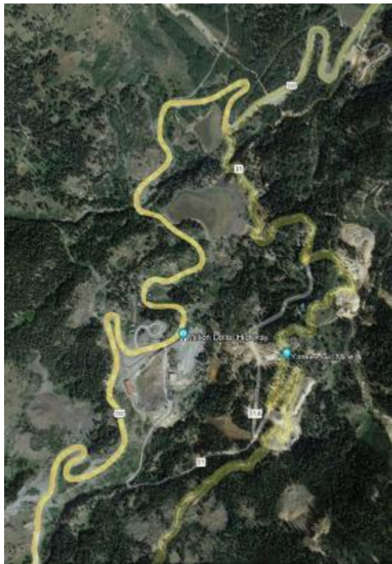
At left: Note the switchbacks on the Million Dollar Highway

The Million Dollar Highway's name comes from the alleged amount of gold ore that remained in the roadway's fill during construction. The Million Dollar Hwy took us up to Silverton (el. 9,300 feet), then we continued north to Ironton (el. 9,800 feet) some 500 feet higher in elevation. The hard part is driving a 66-year old car with drum brakes down to Ouray (el. 7,800 feet) a drop of 2,000 feet in 12 miles, through very tight switchbacks and having a very stressed navigator helping you to vicariously slow the car down. (I may have to work on the passenger floor pan due to the dent from the navigator's apparent help with slowing down the car.) Note there are no pictures of this drive as the navigator's eyes were closed most of the time!
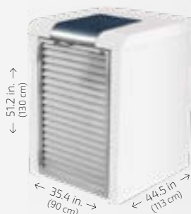
Concrete, polished white finish
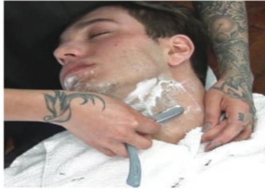
figure 13-10 Reverse-freehand position.

The movement is from the elbow to the hand with a slight twist of the wrist.
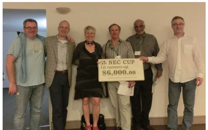
2013 NEC Cup Runners Up: Mixed
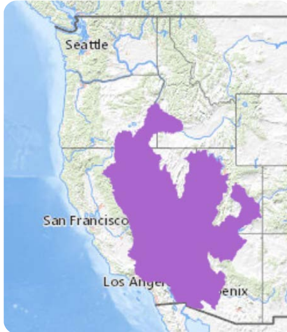
Figure 1 Great Basin Collared Lizard range map. U.S. Geological Survey - Gap Analysis Project, 2018, U.S. Geological Survey - Gap Analysis Project Species Range Maps CONUS_2001: U.S. Geological Survey data release, https://doi.org/10.5066/F7Q81B3R

As the name implies, these lizards are found within the Great Basin of western North America (Figure 1). In Idaho, they are found in the southwestern portion of the state, along the Snake River Plain and surrounding Owyhee foothills. There are reliable, historical records of their occurrence in Owyhee, Canyon, Ada, and Elmore counties. However, all documented records within the past 15 years are only from Owyhee County (Figure 2). We encourage people to use the iNaturalist mobile app or website ( www.inaturalist.org ) to report their observations of this species so we will have a better idea of their current distribution in Idaho.
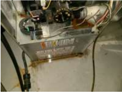
Pic. 43: Furnace has a condensate leak and in need of service
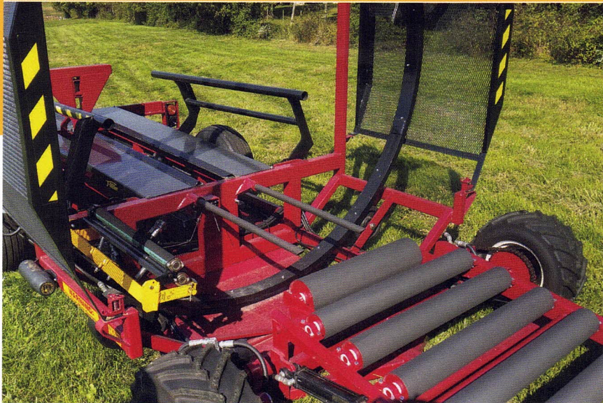
Model 4511 Wrap watch standard
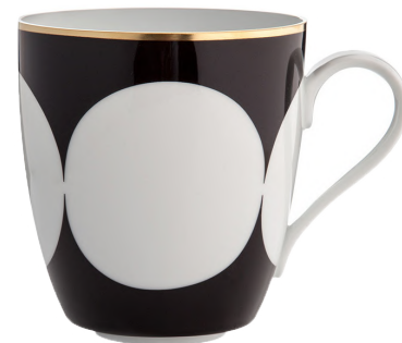
Sieger by Fürstenberg Coffee Cup, rounded « My Porcelain! Golden Palace», 250 ml
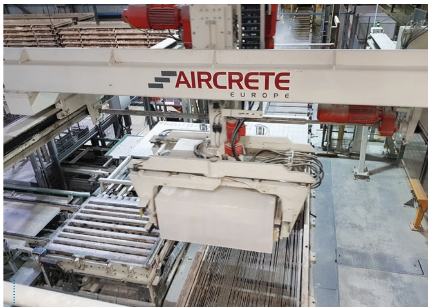
Replacement of the gripper after plant scan enabled heavier products to fit on the pallets
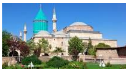
Konya - Mevlana Museum
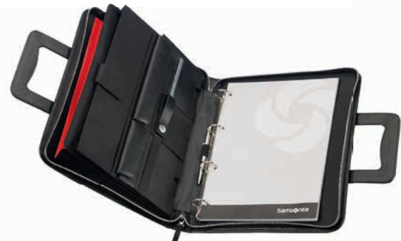
111010 (CL4*004): ZIP FOLDER A4 RET H + DET B: 27 X 34,5 X 5 - 4.7 L - 1.5 KG *** 26,6 x 18,3 x 1,5 📁 📅 🖋️ 📏 26,7 cm/10.5"
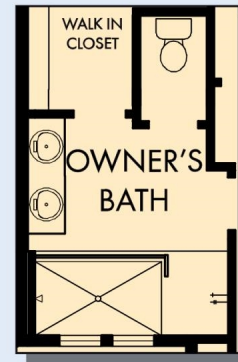
OPTIONAL SHOWER WITH FULL GLASS AT OWNER'S BATH
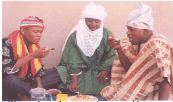
We stand together as one in trust and love
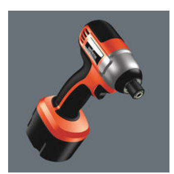
For use with impact screwdrivers. Improve productivity when screwdriving with power tools.
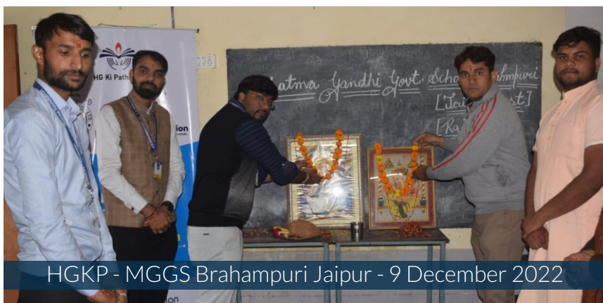
HGKP - MGGS Brahampuri Jaipur - 9 December 2022
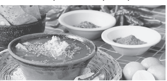
One-of-a-kind: Traditional Mexican cuisine is an Intangible Cultural Heritage of Humanity, as deemed by UNESCO. MEXICAN EMBASSY The time to visit Mexico is now

tary Friendship Federation shares the joy that Mexico experiences in another anniversary of its independence. We are committed to continue supporting the exchanges between both countries and to further strengthen the bilateral partnership.
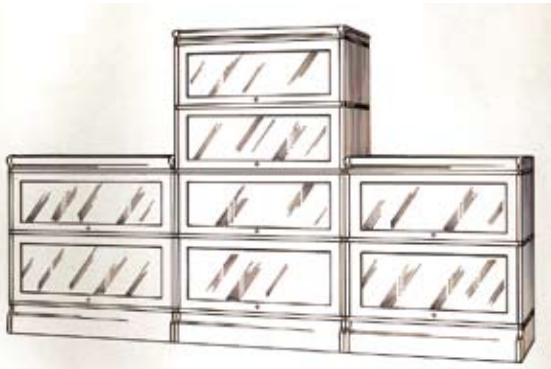
DESSINS : BILLNÄS BRUKS AKTIEBOLAG.

An American businessman Henry C. Yeiser set up a furniture factory called The Globe Files Co in Cincinnati in 1882. The factory started manufacturing office and filing furniture. In about the same time, a furniture factory called The Wernicke Co was set up in Grand Rapids, Michigan. A few years later The Wernicke Co designed a bookcase, which consisted of different sized glass cabinet components.
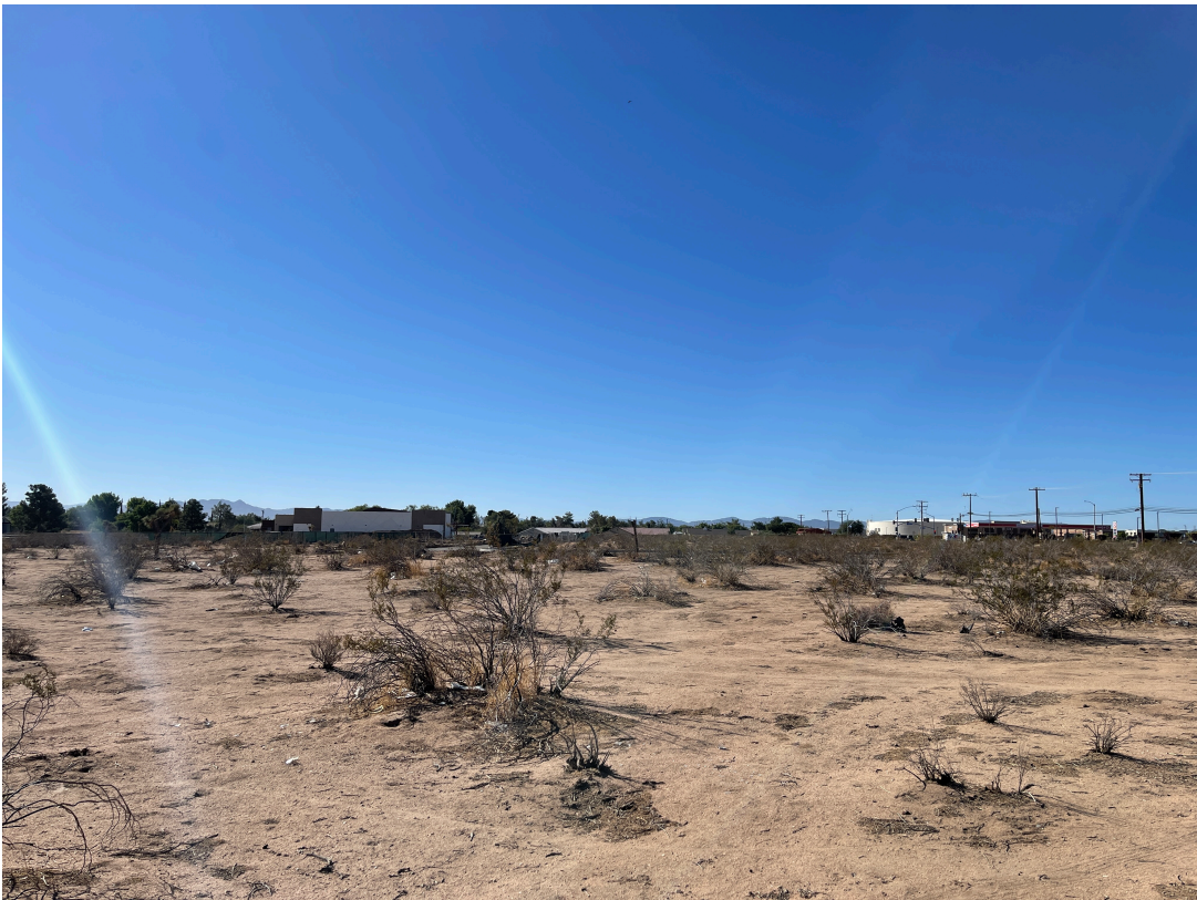
CENTER OF SITE LOOKING SOUTH

++++++++++

**What you are asked to do:** Lines from the start of the listing above through the line holding "As the name" are to be duplicated exactly, and nothing more; leave out the pictures.

**Solution for this task:**
At left: Note the switchbacks on the Million Dollar Highway

The Million Dollar Highway's name comes from the alleged amount of gold ore that remained in the roadway's fill during construction. The Million Dollar Hwy took us up to Silverton (el. 9,300 feet), then we continued north to Ironton (el. 9,800 feet) some 500 feet higher in elevation. The hard part is driving a 66-year old car with drum brakes down to Ouray (el. 7,800 feet) a drop of 2,000 feet in 12 miles, through very tight switchbacks and having a very stressed navigator helping you to vicariously slow the car down. (I may have to work on the passenger floor pan due to the dent from the navigator's apparent help with slowing down the car.) Note there are no pictures of this drive as the navigator's eyes were closed most of the time!
Concrete, polished white finish
figure 13-10 Reverse-freehand position.

The movement is from the elbow to the hand with a slight twist of the wrist.
2013 NEC Cup Runners Up: Mixed
Figure 1 Great Basin Collared Lizard range map. U.S. Geological Survey - Gap Analysis Project, 2018, U.S. Geological Survey - Gap Analysis Project Species Range Maps CONUS_2001: U.S. Geological Survey data release, https://doi.org/10.5066/F7Q81B3R

As the name implies, these lizards are found within the Great Basin of western North America (Figure 1). In Idaho, they are found in the southwestern portion of the state, along the Snake River Plain and surrounding Owyhee foothills. There are reliable, historical records of their occurrence in Owyhee, Canyon, Ada, and Elmore counties. However, all documented records within the past 15 years are only from Owyhee County (Figure 2). We encourage people to use the iNaturalist mobile app or website ( www.inaturalist.org ) to report their observations of this species so we will have a better idea of their current distribution in Idaho.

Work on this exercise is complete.